Reputation: 2680
I have a dataframe which is date sequenced and has 'x' values in one column when there is new information on a particular date.
I want to get the index value of the row for the date before the most recent new information date so I can reference that data for further operations
So my dataframe looks like this:
original_df
index date value newinfo
0 '2007-12-01' 75 Nan
1 '2007-12-02' 75 Nan
2 '2007-12-03' 83 x
3 '2007-12-04' 83 Nan
4 '2007-12-05' 83 Nan
5 '2007-12-06' 47 x
6 '2007-12-07' 47 Nan
7 '2007-12-08' 47 Nan
8 '2007-12-09' 47 Nan
So I'm interested in referencing row where original_df.index == 4
for some further operations.
The only way I can think of doing it is very 'clunky'. Basically I create another dataframe by filtering my original for rows where newinfo == 'x'
, take the index value of the last row, subtract 1, and use that value to access various columns in that row of the original dataframe using iloc
. Code looks like this:
interim_df = original_df[original_df['newinfo']=='x']
index_ref_value = interim_df.index[-1] - 1
This returns an index_ref_value
of 4
.
I can then access value
in original_df
as follows:
original_df.iloc[index_ref_value,1]
In other words, I'm access the value
for 2007-12-05
, the day before the most recent newinfo
.
This gets the job done but strikes me as complicated and sloppy.
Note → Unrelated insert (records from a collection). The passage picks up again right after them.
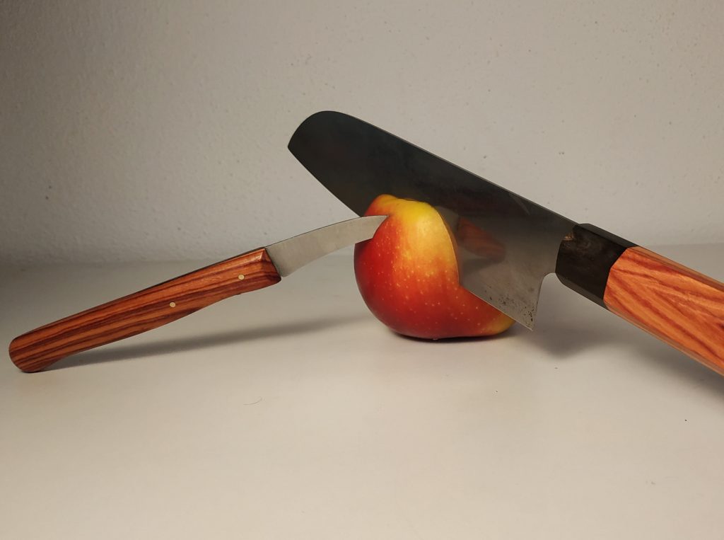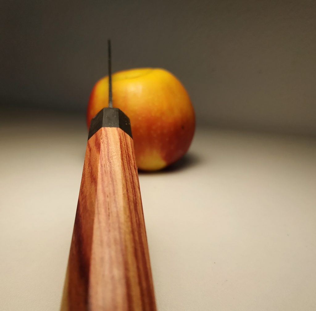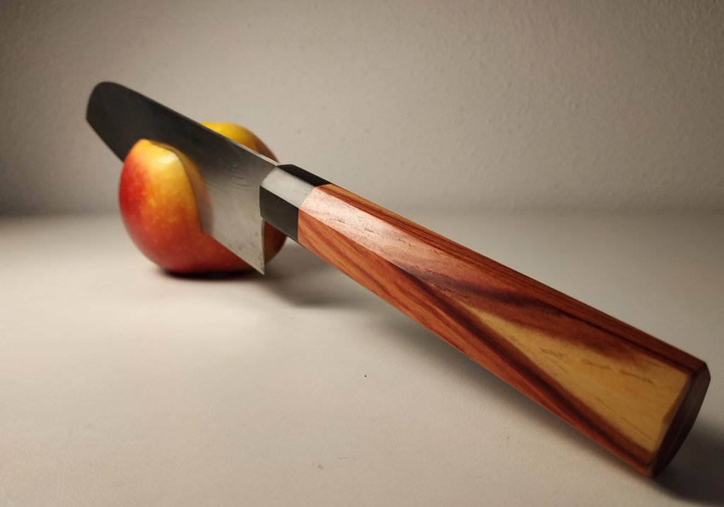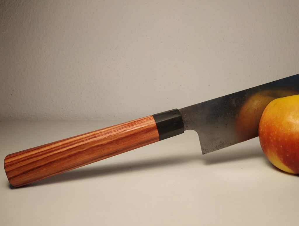 Dieses Santoku eines deutschen Herstellers, das ursprünglich einen westlichen Griff hatte, habe ich auf einen Wa-Griff umgebaut. Dazu musste zunächst die Flachangel zur Steckangel modifiziert werden, der Griff wurde dann aus Bahia Rosenholz und schwarzem Büffelhorn gefertigt. Mit der Shinto-Raspel und mehreren Feilen wurde der Griff dann in die achteckige Form gebracht und im Anschluss bis Körnung 60/ geschliffen und poliert. Oberflächenbehandlung erfolgte mit Danish Oil und Bienenwachs. Aus dem Restholz des Blocks Rosenholz konnte ich anschließend sogar noch einen Griff für ein kleines Schälmesser herstellen.
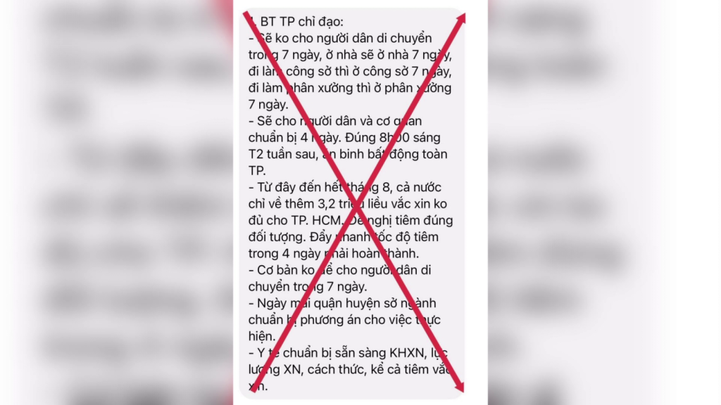Sau Thành phố Hồ Chí Minh, tại Hà Nội cũng đã xuất hiện thông tin "không cho người dân di chuyển trong 7 ngày" đang được chia sẻ trên mạng xã hội. Sở Thông tin và Truyền thông Hà Nội khẳng định đây là thông tin là giả mạo, sai sự thật.
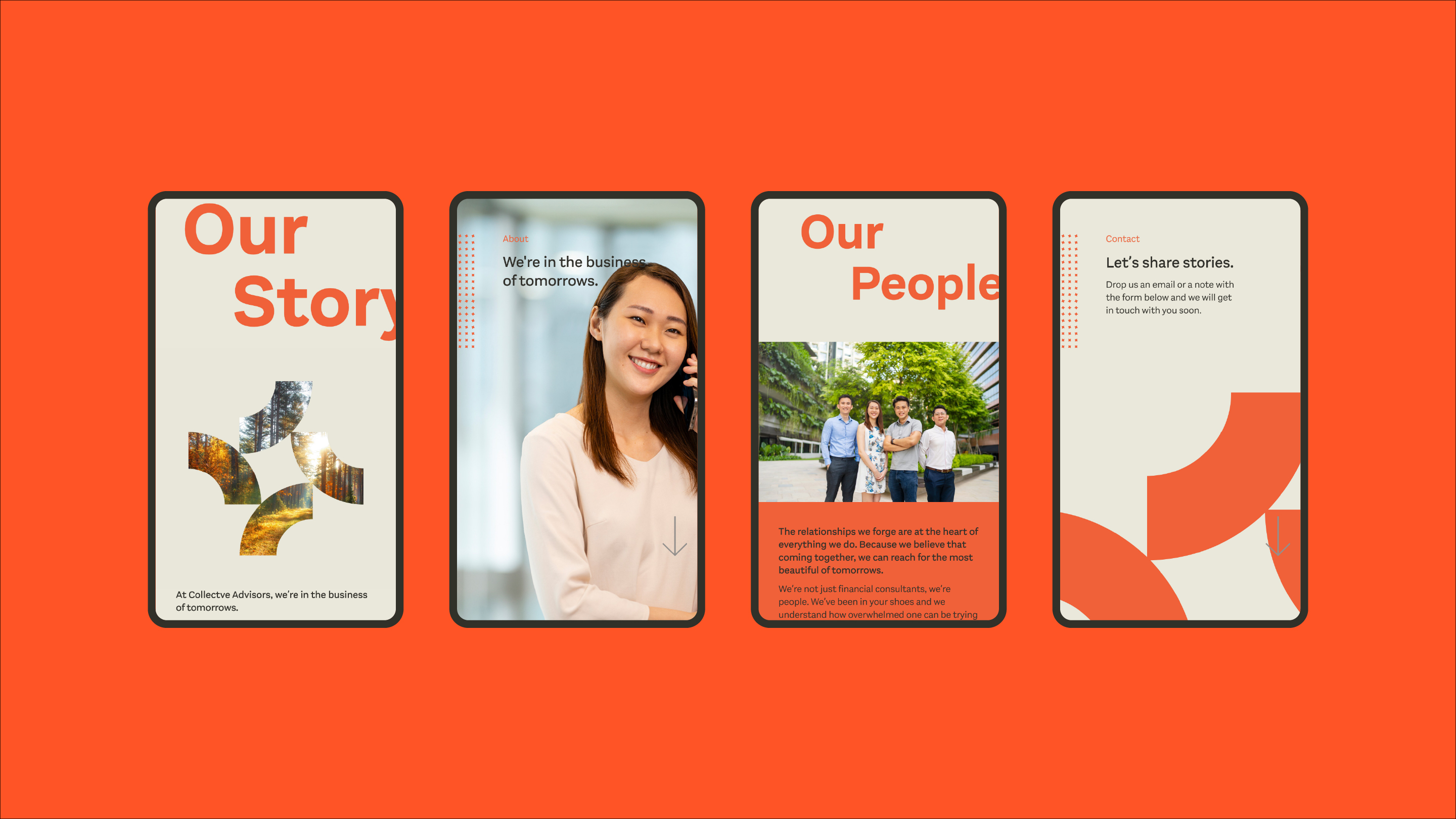 制作一個具有變革能量的風度翩翩的金融機構品牌VI設計。旨在將 Collectve Advisors 定位為不僅僅是另一組財務顧問。相反,他們是相信建立關系的善解人意的傾聽者。這是他們所做的一切的核心。通過走到一起,他們有能力真正改變人們的生活。
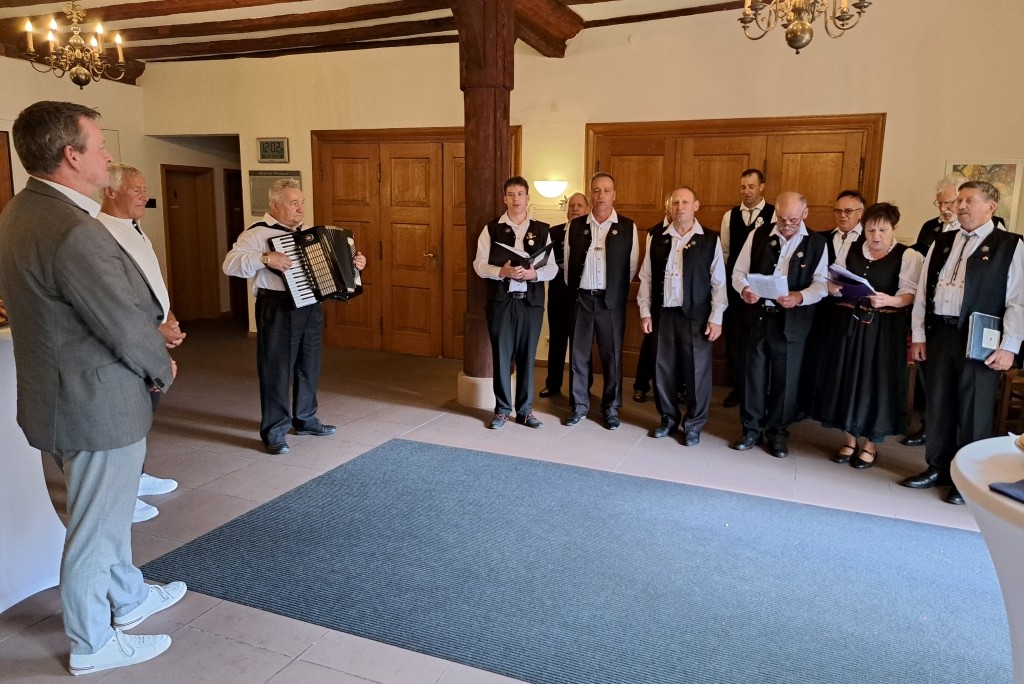 40 Jahre bereits sorgt auch die Gesangsgruppe der Mosbacher Donauschwaben für Geselligkeit und Freude - sei es bei Auftritten Zuhause oder bei Treffen im Ausland. Zum Jubiläum durfte man sich über Besuch des befreundeten Männersingkreises aus dem ungarischen Soroksár freuen. Zu deren Aufenthalt zählte nicht nur ein musikalischer Abend im Donauschwabenhaus, ein Auftritt bei den Heimattagen Baden-Württemberg in Weinheim und Ausflüge u.a. ins Technikmuseum Sinsheim, sondern selbstverständlich auch im Mosbacher Rathaus.

Is there a cleaner, easier, more Pythonic way to find the index_ref_value I'm looking for?
Upvotes: 2
Views: 2652
Reputation: 5136
you can combine iloc
and loc
into one statement:
original_df.iloc[original_df.loc[original_df['newinfo'] == 'x'].index-1]
the loc
statement is taking the index of where the condition (where newinfo
is x
) and then getting the index of that value. iloc
then takes those indexes and givies you the result you are looking for
judging from your quesiton, you may need a list of these values in the futre. try df1.iloc[df1.loc[df1['newinfo'] == 'x'].index-1].index.tolist()
edit to get the desired output:
original_df.iloc[original_df.loc[original_df['newinfo'] == 'x'].index[-1]-1]
# added a [0] at the end below to get just the value of `4`
original_df.iloc[original_df.loc[original_df['newinfo'] == 'x'].index[-1]-1][0]
Upvotes: 3